The HDF5 file can be accessed directly like a NumPy array, without having to be loaded entirely into memory. The interface provides random access, which means a classifier will be able to load any arbitrary image by itself, without loading everything at once. The shape of the images are determined by checking the first image loaded, since each of the chips has been scaled to the median size.

Training classifiers

To facilitate the creation of classifiers for different faces, I created a program to train a model using a name and a labeled dataset. The meat of this program is in the train_classifier function:

def train_classifier(
    ppc=(16, 16),
    cpb=(1, 1),
    kernels=["linear", "rbf"],
    C=np.arange(1, 10.5, 0.5),
    max_depth=np.arange(10, 100, 10),
    criterion=["entropy", "gini"],
    """ Train and return classifier

      name (str): String name of positive example
      dataset (Path): Path to all labeled dataset
      output_dir (Path): Path to output model to
      model (str): Model type to create
      n_jobs (int, optional): Number of processes, defaults to 1
      cv (int, optional): Number of cross-validation folds, defaults to 3
      orientations (int, optional):
        Number of orientations to compute feature histograms for, defaults to 8
      ppc (tuple, optional): Pixel per cell, defaults to (16, 16)
      cpb (tuple, optional): Cells per block, defaults to (1, 1)
      kernels (list, optional): Kernels for training an SVM, defaults to [linear, rbf]
      C (list, optional):
        List of regularization parameter values for training an SVM, defaults to np.arange(1, 10.5, 0.5)

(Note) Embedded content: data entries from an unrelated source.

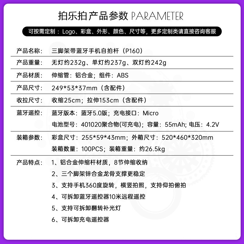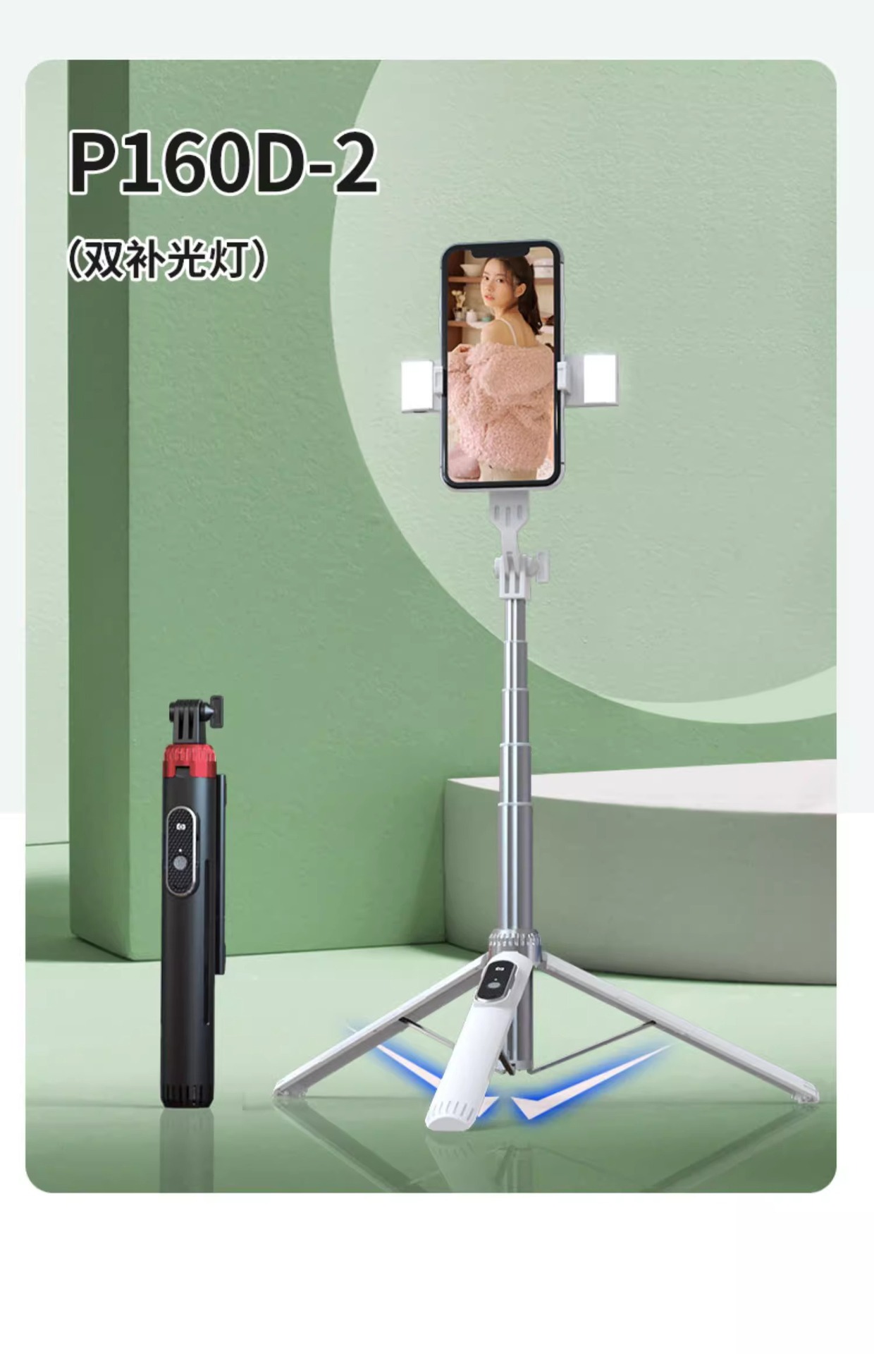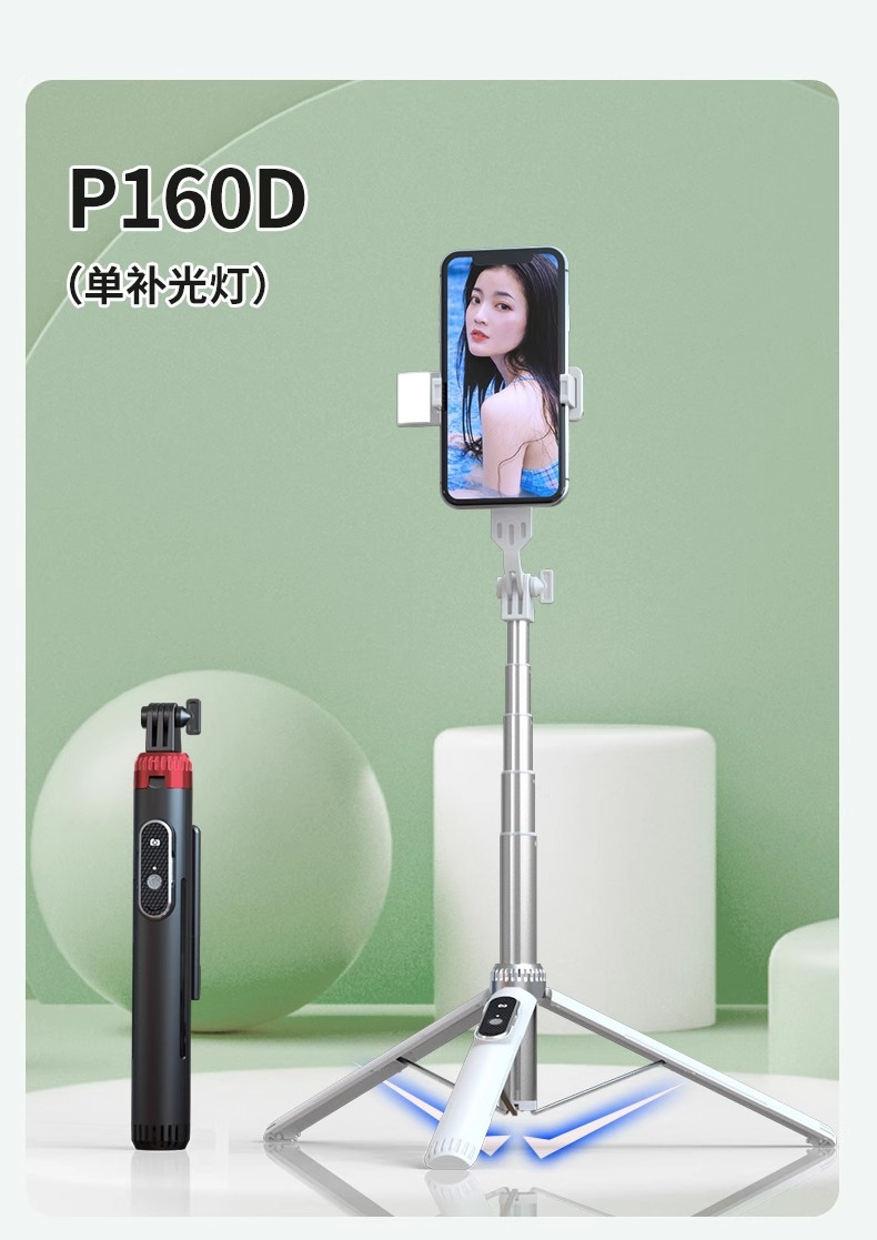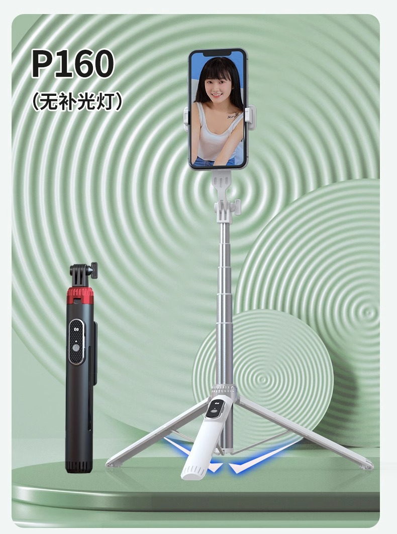 P160 알루미늄 합금 휴대 전화 블루투스 셀카 스틱 바닥 라이브 방송 삼각대 사진 유물 올인원 휴대 전화 유니버설스토어 가기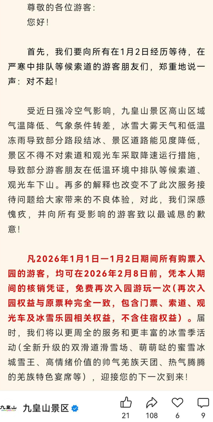 1月2日晚,有游客在社交平台发布视频,称山顶滞留大量游客。3日,九皇山景区发布了致游客的一封信,向所有受影响的游客致以最诚恳的歉意。同时,景区表示,凡在2026年1月1日—1月2日期间购票入园的游客,均可在2026年2月8日前,凭本人在此期间的核销凭证,免费再次入园游玩一次。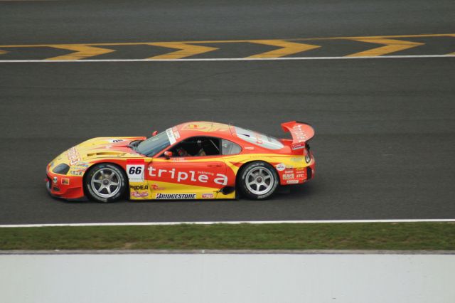 | 9時半からのフリー走行。バスが何台も同じコースを走ります。危ねえじゃねえか。信じられねえ。 | ECLIPSEスープラ。 | ZENTセルモSC。スポンサーの紹介を頼まれたのに、良い所が見つかりませんでした。 | 昨年のチャンピオンマシーンなのでゼッケン1。シャッター速度が速すぎて背景が流れない。 | ECLIPSEスープラ。 |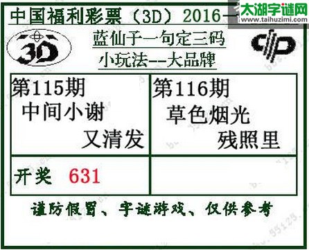 蓝仙子一句定三码第2016116期3D图谜:草色烟光 残照里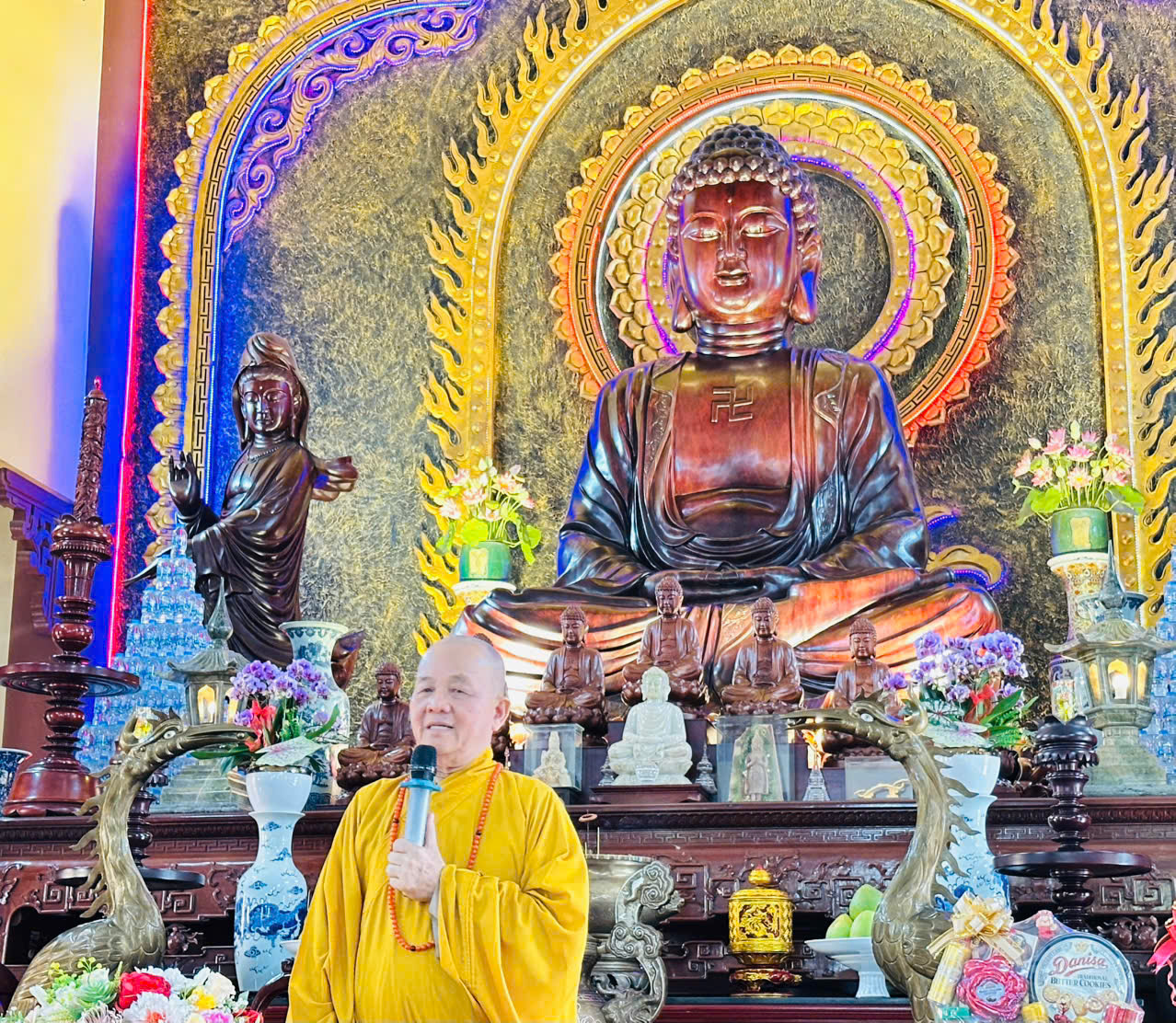 Trong niềm hoan hỷ, Hòa thượng ân cần giáo huấn, khuyến tấn đại chúng giữ gìn oai nghi tế hạnh, trau dồi đạo đức tự thân, không buông lung tâm ý. Ngài nhấn mạnh: “Hãy tự thắp đuốc lên mà đi, nương tựa nơi chính mình và nương tựa nơi Chánh pháp. Tinh tấn tu học chính là món quà ý nghĩa nhất dâng lên Tam bảo trong những ngày xuân.” Những lời dạy giản dị mà sâu sắc ấy trở thành kim chỉ nam cho hành trình tu tập của mỗi Tăng Ni trẻ.

      clf (BaseEstimator): Classifier trained on images
      meta (dict): Metadata for classifier

Currently the program supports training a decision tree and a support vector machine (SVM), but the decision tree wasn’t very good, so I went with the SVM model for this writeup. The interesting parameters are the parameters for the feature extraction algorithm, which is the histogram of oriented gradients (HOG). HOG feature descriptors are commonly used for human detection, and work by computing histograms of the gradient direction (hence the name). The gradients are produced by convolving a kernel with the target image, and histograms are calculated for the values. Feature descriptors and HOG are far more interesting than the preceding sentences let on, but a proper discussion of those will have to be left to another time (and perhaps a graduate course at your local university).

Classification Pipeline

The full classification pipeline, once the models are trained, goes like this:

  1. Chip input image
  2. Classify face chips
  3. Label chips in original image

Stage 1 was covered above, as part of the training. Stages 2 and 3 have their own unique considerations, detailed in the next sections.

Classifing face chips

To identify faces in an image, the process is as follows:

  1. Detect possible face chips
  2. Predict on chips using trained models
  3. If any model accepts, call it a face and pass to the image annotation method

This is pretty straightforward, with one wrinkle, as noted above: sufficienty rotated faces are not identified using Haar features or classified correctly using the feature descriptors.

Finding rotated faces

One immediate problem that had to be solved was what to do about rotated faces. HOG features are not rotationally-invariant. Rotational invariance is a property of functions or algorithms where the output doesn’t change when the input is rotated. HOG features, as just noted, do not have this property, so an upside-down face won’t produce the same values as a right-side-up face. It’s tempting to think “faces will be mostly right-side up anyway,” but two problems with that line of thinking:

  1. Plenty of faces are “upside-down” from the perspective of the camera. Anyone who has taken pictures of a child has almost certainly gotten pictures where the face is upside down (sometimes even covered in spaghetti sauce).
  2. Right-side-up turns out to encompass a lot of latitude. Tilting your head by five degrees isn’t a lot, and almost everyone would say the head is right-side up, but that will still produce different feature descriptors.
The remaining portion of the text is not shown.